Available data:
○ ○ ○
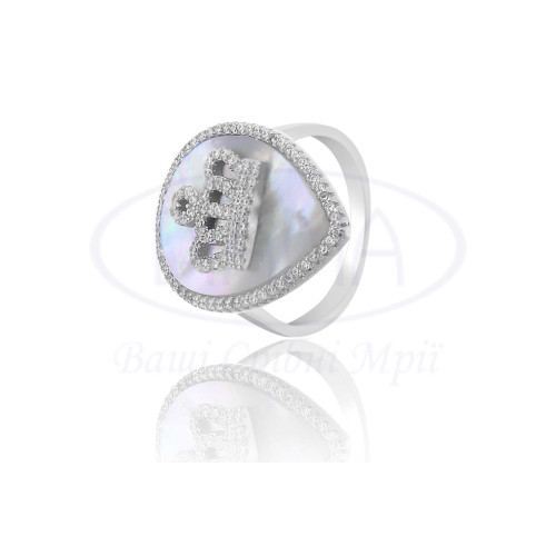 Срібна каблучка з білим перламутром та білим цирконом. Срібло 925 проби, покрите родієм.
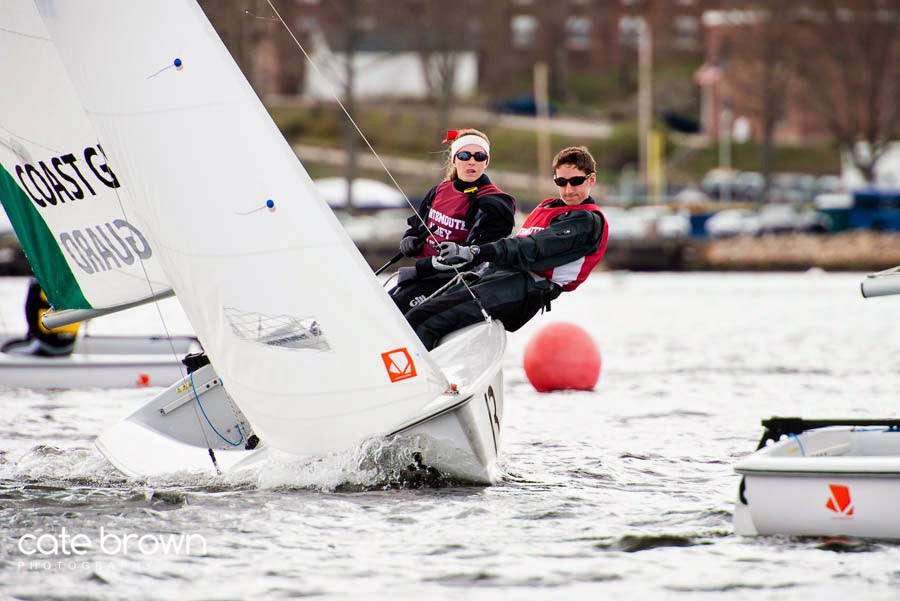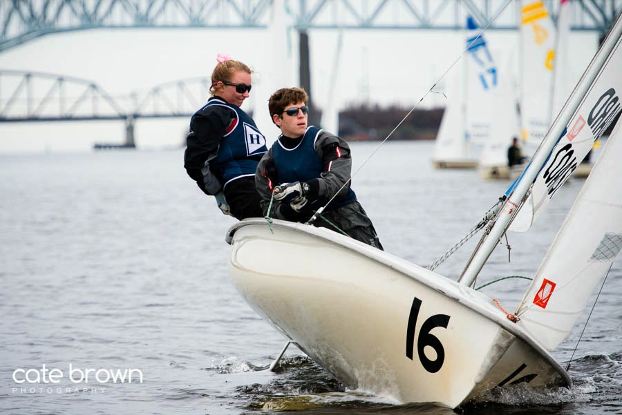 Sunday the sun tried to poke few a few times, but the conditions were just about the same as the day previous. The wind was light and there was still strong currents, but it was a little less extreme compared to Saturday. The event was the O'Day Trophy, the NESSA Championship for fleet racing featuring high schools from across New England. While a few of the CT teams had sailed Saturday, there were additional competitors from high schools in Rhode Island and Massachusetts. Upwind sailing was still a struggle but as the breeze shifted anywhere from 10-30° between races, gusts would start to roll in from the NE corner of the course which allowed sailors to get some momentum as they approached the windward mark and heavy currents at a full beam reach to maintain speed. Racing was competitive and almost no one had consistent finishes, but Hotchkiss came out on top with St. George's and Portsmouth Abbey, both from Rhode Island, coming in second and third respectively. Full results at http://scores.hssailing.org/s14/nessa-oday/
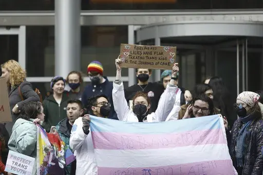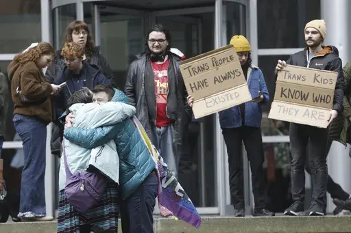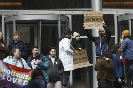 A large crowd of people went to the federal courthouse to watch Friday's hearing. Outside, some carried signs with phrases including “Protect Trans Kids” or Pride flags with the words, “You are loved.”
○ ○ ○
The lines from the one that contains "Sunday the sun" through the end of the data, repeated exactly and with no pictures, make up the whole answer.

 Sunday the sun tried to poke few a few times, but the conditions were just about the same as the day previous. The wind was light and there was still strong currents, but it was a little less extreme compared to Saturday. The event was the O'Day Trophy, the NESSA Championship for fleet racing featuring high schools from across New England. While a few of the CT teams had sailed Saturday, there were additional competitors from high schools in Rhode Island and Massachusetts. Upwind sailing was still a struggle but as the breeze shifted anywhere from 10-30° between races, gusts would start to roll in from the NE corner of the course which allowed sailors to get some momentum as they approached the windward mark and heavy currents at a full beam reach to maintain speed. Racing was competitive and almost no one had consistent finishes, but Hotchkiss came out on top with St. George's and Portsmouth Abbey, both from Rhode Island, coming in second and third respectively. Full results at http://scores.hssailing.org/s14/nessa-oday/
 A large crowd of people went to the federal courthouse to watch Friday's hearing. Outside, some carried signs with phrases including “Protect Trans Kids” or Pride flags with the words, “You are loved.”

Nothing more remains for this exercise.